National Center for Biotechnology Information, NLM, National Institutes of Health, Bethesda, MD 20894, USA.
Biol Direct. 2012 Dec 14;7:46. doi: 10.1186/1745-6150-7-46.
Collections of Clusters of Orthologous Genes (COGs) provide indispensable tools for comparative genomic analysis, evolutionary reconstruction and functional annotation of new genomes. Initially, COGs were made for all complete genomes of cellular life forms that were available at the time. However, with the accumulation of thousands of complete genomes, construction of a comprehensive COG set has become extremely computationally demanding and prone to error propagation, necessitating the switch to taxon-specific COG collections.

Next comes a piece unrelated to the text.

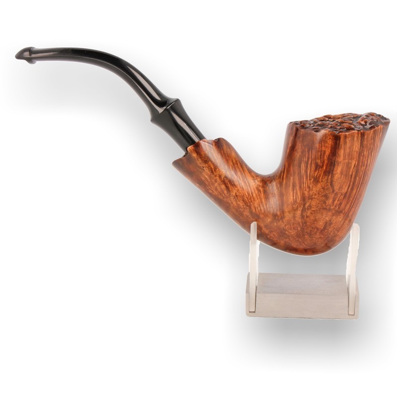 Peterson Plato Freehands: Not a shape code in sight! Peterson's core range of pipes are easily identifiable by their codes and you can usually get any finish and style in the shape and size you wish. Each Plato is totally unique and you will never see one alike. Only a handful of carvers in the world are good enough to be given the reigns to go freehand by Peterson as it takes considerable skill and vision. The Briar blocks are cut from the outer layer of the burl (exterior) of the Briar roo, known as Plateaux. This is the finest area of the Briar root and produces the most striking grain pattern and highest quality Briar. Many freehands will leave the Burl on the rim of the bowl which adds unrivaled character and is testament to the fact the pipe has been carved from the premium section of the root. Most freehands are larger pipes with thick walls, this combined with the natural properties of the Briar taken from this are of the root make them very heat resilient pipes.

Previously, we reported the collection of COGs for 41 genomes of Archaea (arCOGs). Here we present a major update of the arCOGs and describe evolutionary reconstructions to reveal general trends in the evolution of Archaea.
The updated version of the arCOG database incorporates 91% of the pangenome of 120 archaea (251,032 protein-coding genes altogether) into 10,335 arCOGs. Using this new set of arCOGs, we performed maximum likelihood reconstruction of the genome content of archaeal ancestral forms and gene gain and loss events in archaeal evolution. This reconstruction shows that the last Common Ancestor of the extant Archaea was an organism of greater complexity than most of the extant archaea, probably with over 2,500 protein-coding genes. The subsequent evolution of almost all archaeal lineages was apparently dominated by gene loss resulting in genome streamlining. Overall, in the evolution of Archaea as well as a representative set of bacteria that was similarly analyzed for comparison, gene losses are estimated to outnumber gene gains at least 4 to 1. Analysis of specific patterns of gene gain in Archaea shows that, although some groups, in particular Halobacteria, acquire substantially more genes than others, on the whole, gene exchange between major groups of Archaea appears to be largely random, with no major 'highways' of horizontal gene transfer.
The updated collection of arCOGs is expected to become a key resource for comparative genomics, evolutionary reconstruction and functional annotation of new archaeal genomes. Given that, in spite of the major increase in the number of genomes, the conserved core of archaeal genes appears to be stabilizing, the major evolutionary trends revealed here have a chance to stand the test of time.
This article was reviewed by (for complete reviews see the Reviewers' Reports section): Dr. PLG, Prof. PF, Dr. PL (nominated by Prof. JPG).
同源基因簇(COG)的集合为比较基因组分析、进化重建和新基因组的功能注释提供了不可或缺的工具。最初,COG 是为当时所有可用的细胞生命形式的完整基因组制作的。然而,随着数千个完整基因组的积累,构建一个全面的 COG 集合变得极其计算密集且容易传播错误,因此需要切换到分类群特异性 COG 集合。此前,我们报道了 41 个古菌基因组(arCOG)的 COG 集合。在这里,我们对 arCOG 进行了重大更新,并描述了进化重建,以揭示古菌进化的一般趋势。
arCOG 数据库的更新版本将 120 种古菌(总共 251032 个蛋白质编码基因)的泛基因组的 91%整合到 10335 个 arCOG 中。使用这个新的 arCOG 集合,我们对古菌祖先形式的基因组内容和古菌进化中的基因增益和丢失事件进行了最大似然重建。该重建表明,现存古菌的最后共同祖先比大多数现存古菌的复杂程度更高,可能有超过 2500 个蛋白质编码基因。随后,几乎所有古菌谱系的进化显然都受到基因丢失的主导,导致基因组简化。总体而言,在古菌的进化以及为进行比较而同样进行分析的一组代表细菌中,基因丢失的数量估计至少是基因获得数量的 4 倍。对古菌中基因获得的特定模式的分析表明,尽管某些群体,特别是盐杆菌,获得的基因明显多于其他群体,但总的来说,古菌主要群体之间的基因交换似乎是随机的,没有主要的水平基因转移“高速公路”。
更新的 arCOG 集合有望成为比较基因组学、进化重建和新古菌基因组功能注释的关键资源。鉴于尽管基因组数量大幅增加,但古菌基因的保守核心似乎趋于稳定,这里揭示的主要进化趋势有可能经得起时间的考验。
本文由(完整评论见评论者报告部分):PLG 博士、PF 教授、PL 博士(由 JPG 教授提名)进行了评审。